Records from a dataset:

● ● ● ● ● ● ●

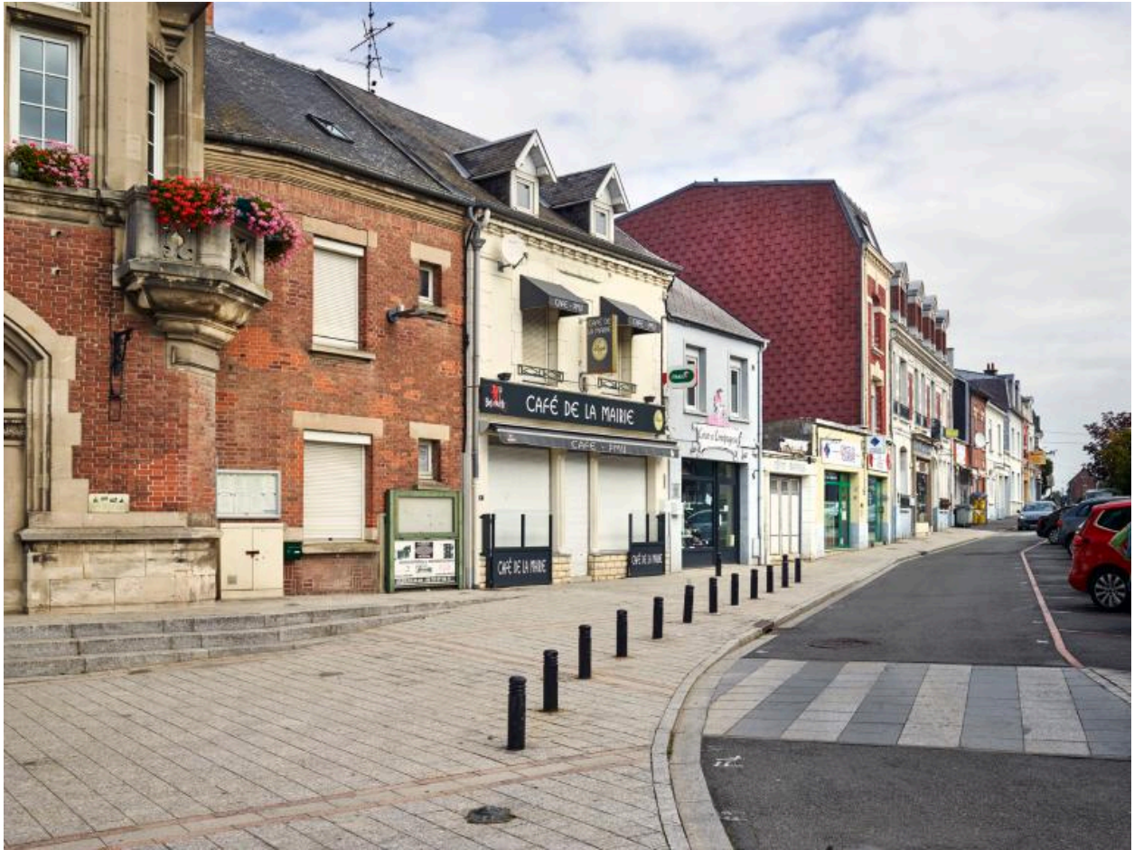
Place Faidherbe, côté nord vu depuis la rue de Péronne. Vue actuelle.
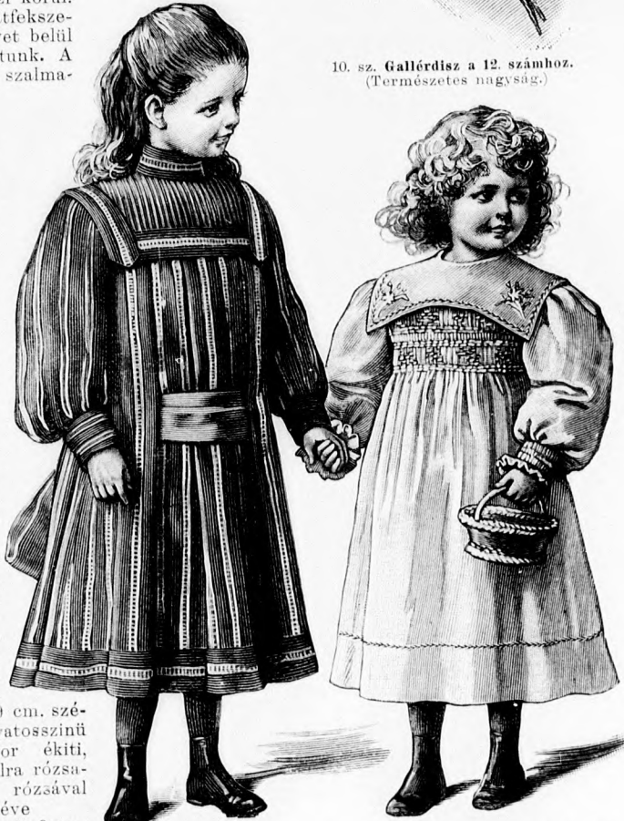
11. sz. Csüngőruha esarppal 4-6 éves leányoknak. Szab. hátkép és magy.: mintáiv IX. sz., 50-55a. fig.
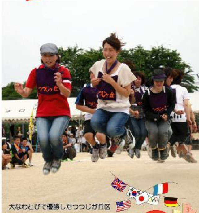
大なわとびで優勝したつつじが丘区
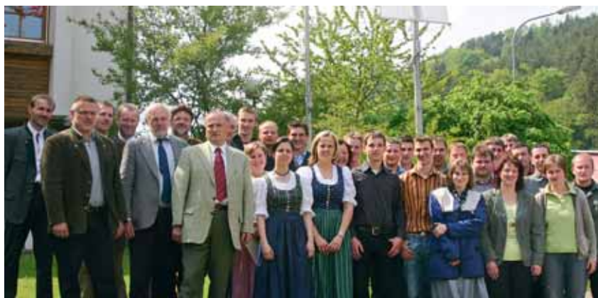
BBS LW 2005/06
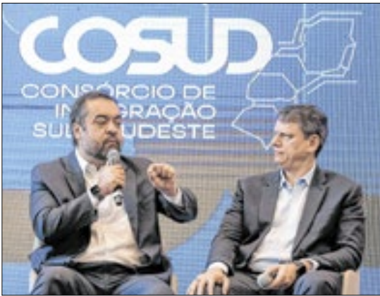
O governador do Rio, Cláudio Castro, com o governador de São Paulo, Tarcísio de Freitas
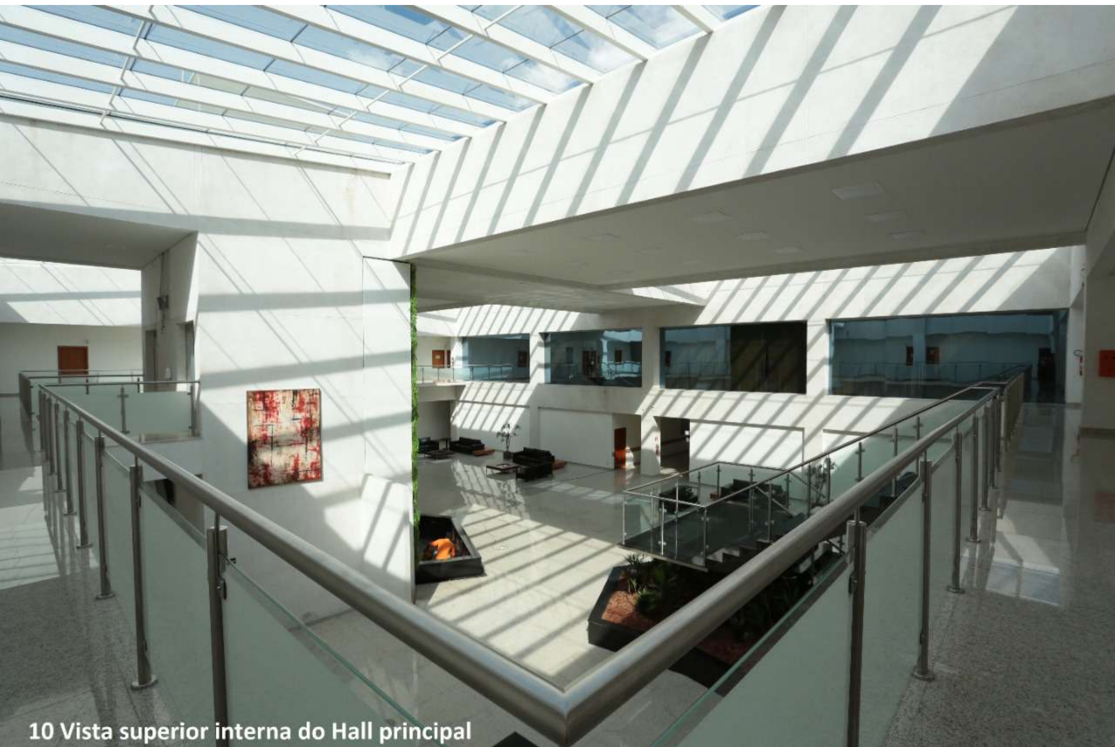
10 Vista superior interna do Hall principal
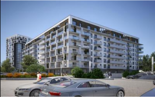
Lokal usługowy nr 2
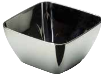
VERRINE CARRÉE ARGENT SILVER SQUARE
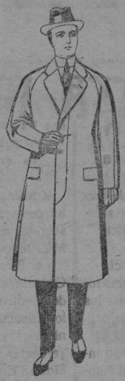
Gabanes de patén, melton o cheviot con forro de seda, satén o escocés. De pts. 50 a 100

Madrid, Barcelona, Alicante, Almería, Bilbao, Cádiz, Cartagena, Gijón, Granada, Málaga, Santander, Sevilla, Valencia, Valladolid y Zaragoza
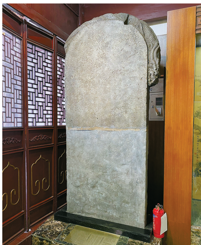
镇明路上的高丽使馆内，留有楼钥篆刻文字的石碑

是士大夫家族、社团聚会中的音乐宴饮，随处可见轻歌曼舞，显示了明州人丰富的音乐文化生活。
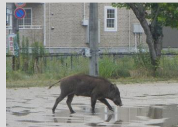
市街地に出没したイノシシ

本来、イノシシは用心深い性格ですが、不意に人と遭遇してしまうと、興奮して攻撃性が高まる場合があります。イノシシに出会ってしまったら、落ち着いて、下記の対応を心がけてください。
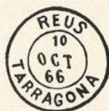
Núm. 144a Fecha, letras modificadas
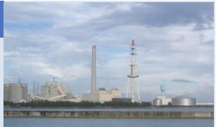
石川火力発電所(石川赤崎)
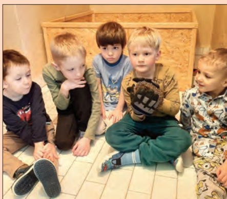
Staráme se v tomto období o ježečka.
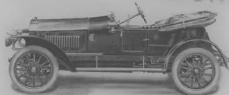
Vierzylinder, Type B, 5/23 HP, mit reinerzigter Sportkarosserie.
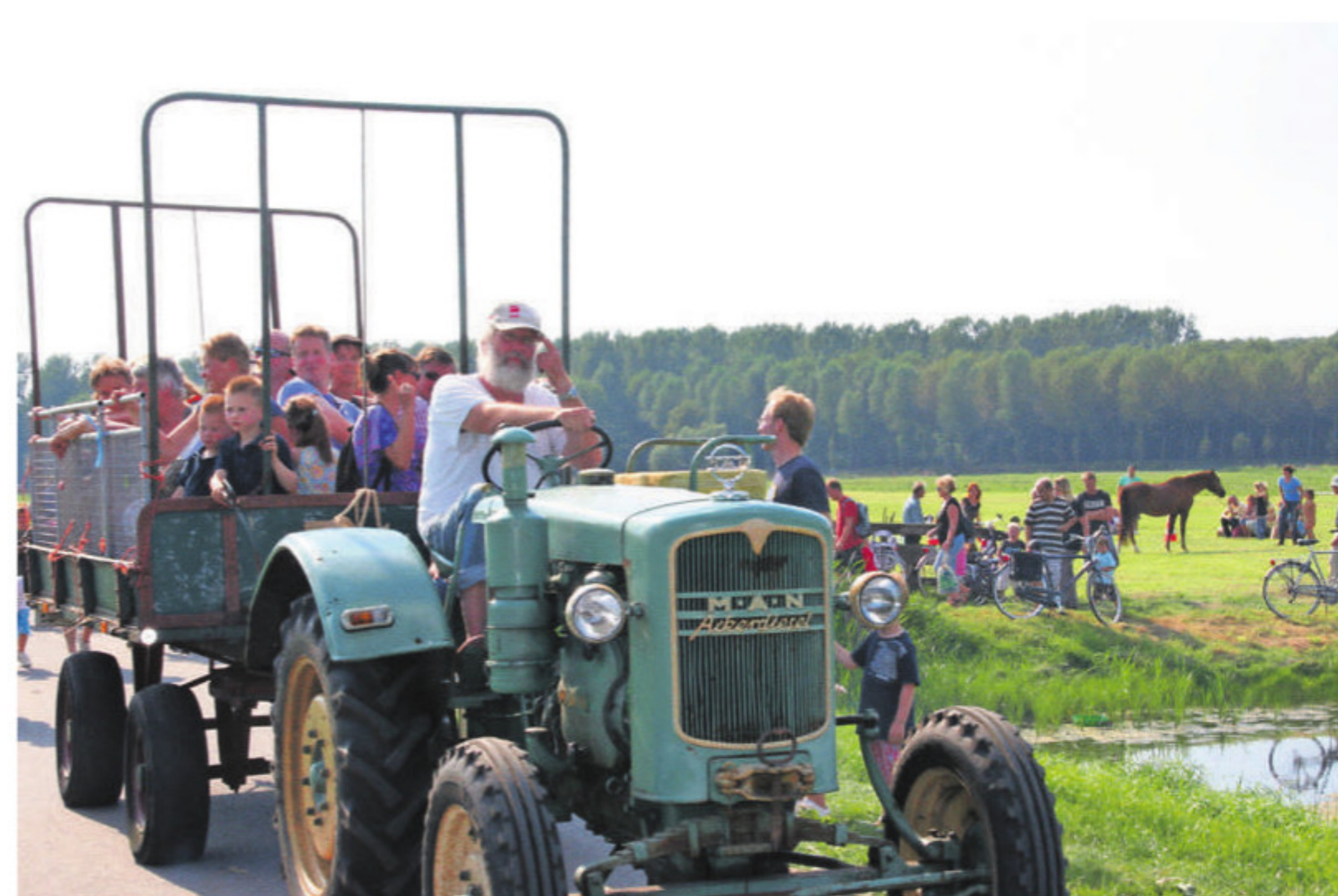
Toepasselijk 'openbaar vervoer'.

Plaats: Polder van Biesland, Noordeindseweg en Bieslandseweg. Wanneer: zaterdag 3 september 2016 van 12.00 tot 17.00 uur en zondag 4 september 2016 van 10.00 en 17.00 uur.
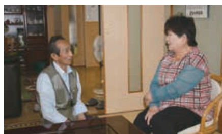
一人暮らし高齢者の見守り訪問活動

改選後の民生委員・児童委員は、 『広報おおむた』12月15日号で お知らせします。
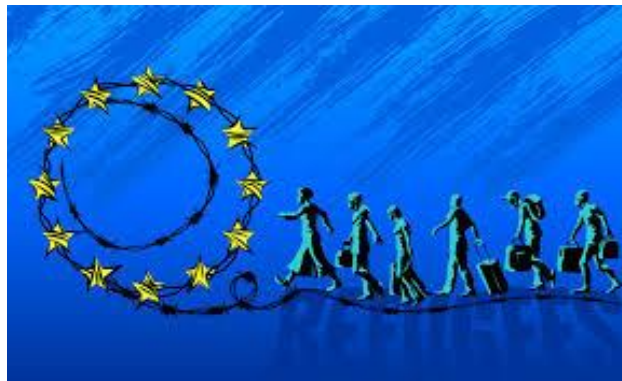
Imagen 5: La instrumentalización de los migrantes y la crisis de los refugiados.
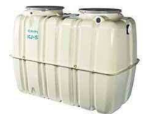
■写真「合併処理浄化槽」

注：「黄色」は新制度で新たに補助対象となる工事 ※「浄化槽移行区域」における新築設置工事のみを対象
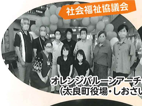
オレンジバルーンアーチの設置 (太良町役場・しおさい館)
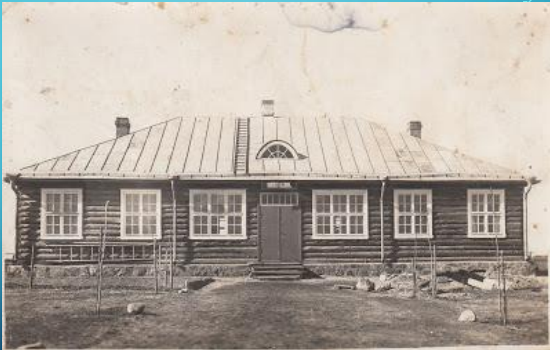
Школа в деревне Кондуши
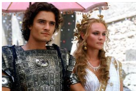
Bilde: Paris og Helena fra filmen «Troy»

Prins Paris av Troja ble forelsket i dronning Helena av Sparta. Hun var ifølge gudinnen Athene den vakreste kvinnen i Hellas. Forelskelsen endte med tilintetgjørelse av Troja, fordi dronningen ble «røvet» av Paris, og krevde av grekernes ære tilintetgjørelse av Troja. Dette er en historie om makt, ledelse, strategi og den menneskelige psykologi.

● ● ● ● ● ● ●

Without any picture, return exactly the lines of the records above from the first through the line that contains "Vierzylinder, Type B, 5/23".

**Answer to the exercise**
Place Faidherbe, côté nord vu depuis la rue de Péronne. Vue actuelle.
11. sz. Csüngőruha esarppal 4-6 éves leányoknak. Szab. hátkép és magy.: mintáiv IX. sz., 50-55a. fig.
大なわとびで優勝したつつじが丘区
BBS LW 2005/06
O governador do Rio, Cláudio Castro, com o governador de São Paulo, Tarcísio de Freitas
10 Vista superior interna do Hall principal
Lokal usługowy nr 2
VERRINE CARRÉE ARGENT SILVER SQUARE
Gabanes de patén, melton o cheviot con forro de seda, satén o escocés. De pts. 50 a 100

Madrid, Barcelona, Alicante, Almería, Bilbao, Cádiz, Cartagena, Gijón, Granada, Málaga, Santander, Sevilla, Valencia, Valladolid y Zaragoza
镇明路上的高丽使馆内，留有楼钥篆刻文字的石碑

是士大夫家族、社团聚会中的音乐宴饮，随处可见轻歌曼舞，显示了明州人丰富的音乐文化生活。
市街地に出没したイノシシ

本来、イノシシは用心深い性格ですが、不意に人と遭遇してしまうと、興奮して攻撃性が高まる場合があります。イノシシに出会ってしまったら、落ち着いて、下記の対応を心がけてください。
Núm. 144a Fecha, letras modificadas
石川火力発電所(石川赤崎)
Staráme se v tomto období o ježečka.
Vierzylinder, Type B, 5/23 HP, mit reinerzigter Sportkarosserie.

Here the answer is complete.